The similarity between M and R can be measured by value

y^{M R}

representing the total sum of values

y_{k}^{R}

, i.e.,

y^{M R} = \sum_{k = 1}^{| M |} y_{k}^{R} .

In the approach proposed in this paper, the set of representative objects R is selected by an iterative procedure, where in each iteration, a model that maximizes

y_{M R}

is selected until a predefined number of representative objects

n_{R}

is selected.

7. Experimental Evaluation

The proposed approach was experimentally evaluated using the ShapeNet 3D model database [5]. A part of this dataset is dedicated to testing methods that segment 3D models into semantic parts. This dataset consists of 16 subsets, each representing one object class. Each of these subsets is subdivided into training, validation, and test subsets, where the training subsets are significantly larger than the validation and test subsets. The dataset was originally designed to be used in the following way: the evaluated method should be trained using a manually annotated training dataset and the associated validation dataset and tested using the corresponding test dataset. However, in this paper, we investigated a different paradigm. We wanted to test the ability of the proposed approach to (i) segment unannotated 3D models of a particular object class into segments and establish associations between these segments according to the similarity of their shape, size, and geometric arrangement and (ii) to use the established associations to identify a user selected component in all models given a small set of manually annotated representatives. In order to automatize the experiments that require a user selection, instead of manually annotating the representative set in each experiment, we used the ground truth annotations available for every model in the dataset.

Since the target application of the proposed approach was facilitating robotic operations, we selected six object classes from the considered dataset, which could be associated with an exactly defined robot task: mugs, knives, bags, lamps, caps, and laptops. For the mugs, knives, and bags, the target component was the handle for the robot grasping task. For the lamps, the target component was the light bulb for the replacement task. The target component of the cap was the peak for the dressing task, and the target component of the laptop was the screen for the opening and closing task.

In the case of all classes except the lamps, we used the original annotations of the ShapeNet dataset, where the object handle, peak, and screen were annotated as one of the semantic categories. In the case of lamps, we selected a subset of 210 lamps with clearly distinguishable light bulbs and annotated the light bulbs manually.

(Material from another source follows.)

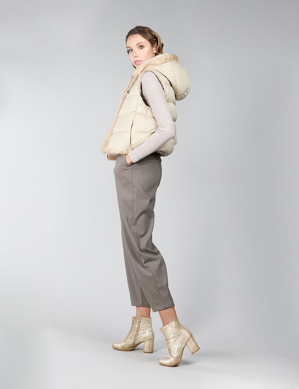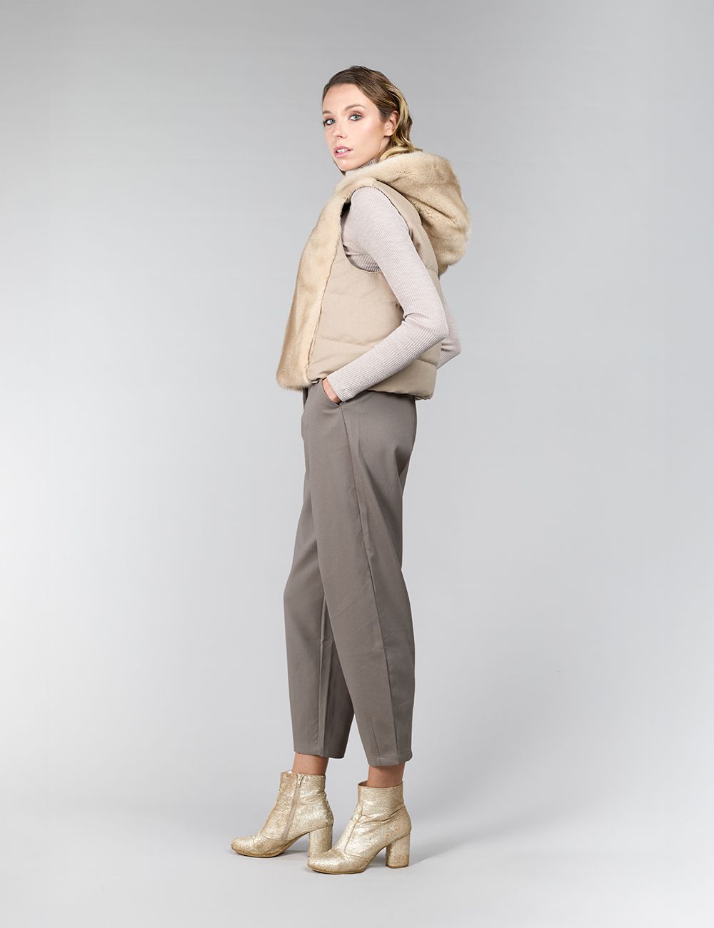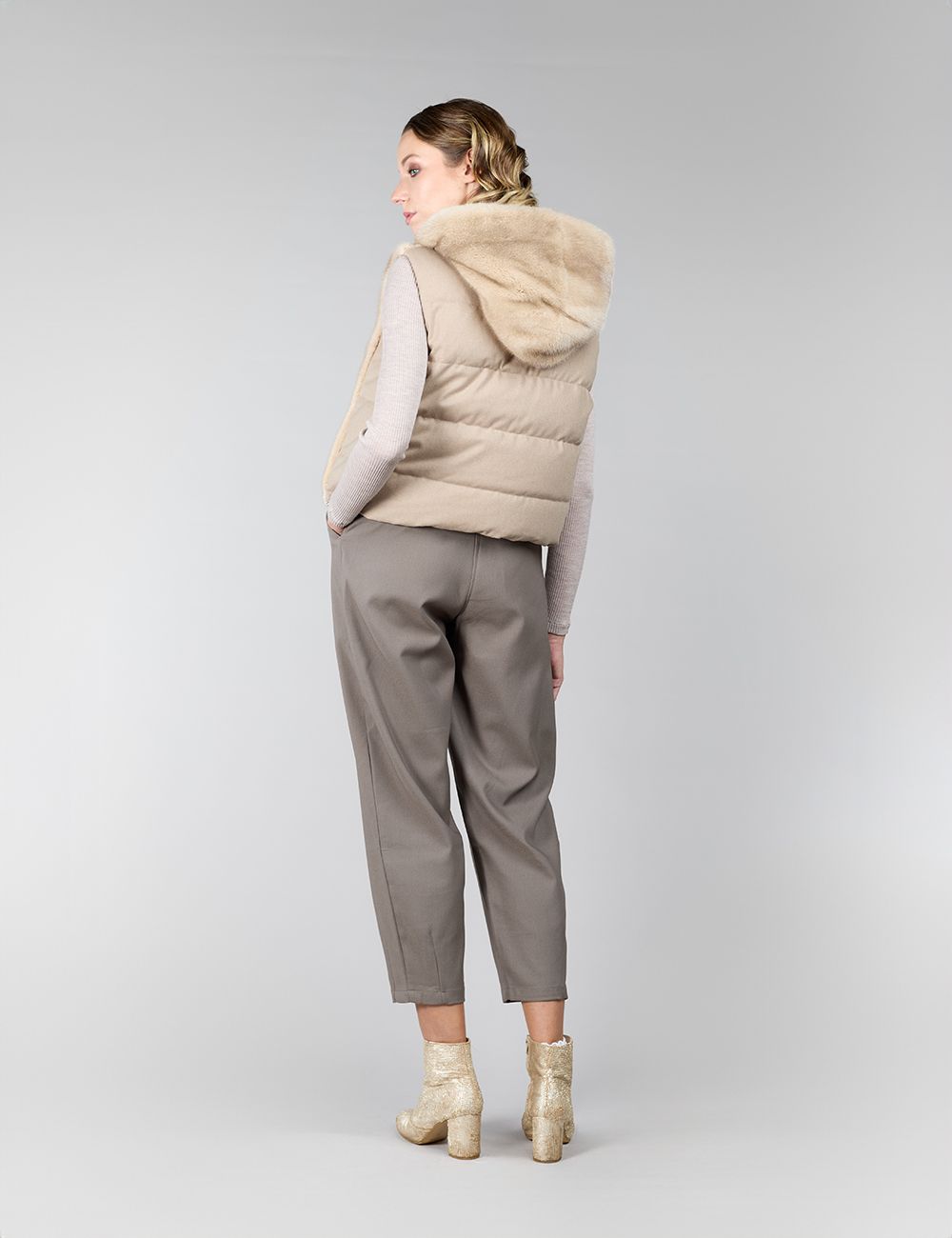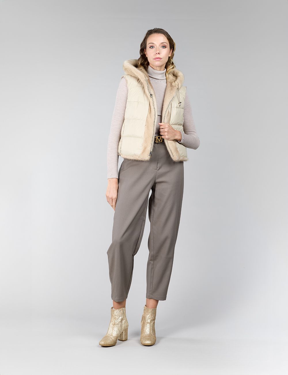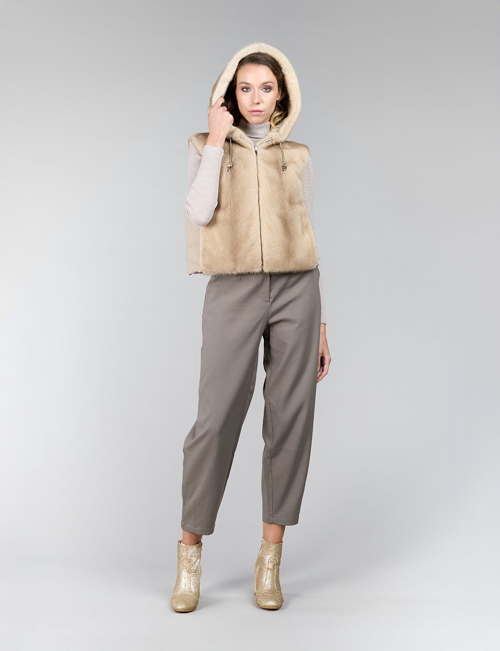 Gilet reversibile in visone, con cappuccio, champagne, 50 cm

The following experimental procedure was applied to each of the six considered object classes, with the parameter values given in Table 1.

Every model was segmented into convex and concave segments using the approach proposed in [16].
Segment merging was performed by the procedure described in Appendix A.
Every segment was represented by a CTI descriptor. Analogously to [3,19], we used a convex template consisting of $n_{d} = 66$ unit vectors uniformly distributed on the unit sphere.
The TRED descriptor, described in Section 4, was computed for every segment pair of every model.
The neighbor clusters were identified and assigned to every segment.
The CTI descriptor of every segment was projected onto the corresponding latent space by (2).
The SCLM proposed in Section 4 was computed between each of two segments of different models in the model set.
A CAG was created. The nodes of this graph represented all segments of all models in the model set. Each node was connected to at most 100 most similar segments, according to the SCLM computed in Step 7.
A small number of representative objects was selected by the method proposed in Section 6. This number was ≤10% of all models in the considered model set.
A target component was annotated on the representative objects. In a practical application, this step would be performed manually by a human expert. In the reported experiments, the ground truth annotations, which were available for all models, were assigned to the representative object models.
All segments of all remaining models were automatically annotated using the CAG created in Step 8 and the three methods proposed in Section 5: direct segment association (DSA), object-constrained association (OCA), and MST-based association (MST).
The result obtained for every model was compared to the ground truth using the intersection over union (IoU) performance index.

Steps 1–8, the computation of object similarity in Step 9, and the creation of MST in Step 11 were implemented in C++. Step 12 and the rest of the Steps 9 and 11 were implemented in MATLAB.

The computation of the latent vector, performed in Step 6, required an orthonormal basis defining a latent space. This orthonormal basis was represented by an

n_{d} \times n_{q}

matrix O. This matrix was computed by the training procedure proposed in [19], where simpler CTI descriptors were used instead of the more complex VolumeNet descriptors, as proposed in [20]. The training was performed using the 3DNet dataset [21]. A total of 351 3D meshes of objects belonging to 10 classes were segmented into convex and concave surfaces, and a CTI descriptor was computed for each surface. Each CTI descriptor represented a point in an

n_{d}

-dimensional space. The obtained descriptors were collected in two subsets, one representing convex segments and the other concave segments. Matrix O was computed for each descriptor set using the method based on the principal component analysis (PCA) proposed in [19]. For both convex and concave segments, we generated a latent space of

n_{q} = 24

dimensions. This number of dimensions was chosen as the minimum number of the first principal components, such that the variances of the remaining principal components were ≤10

^{- 4}

for both the convex and concave segment set.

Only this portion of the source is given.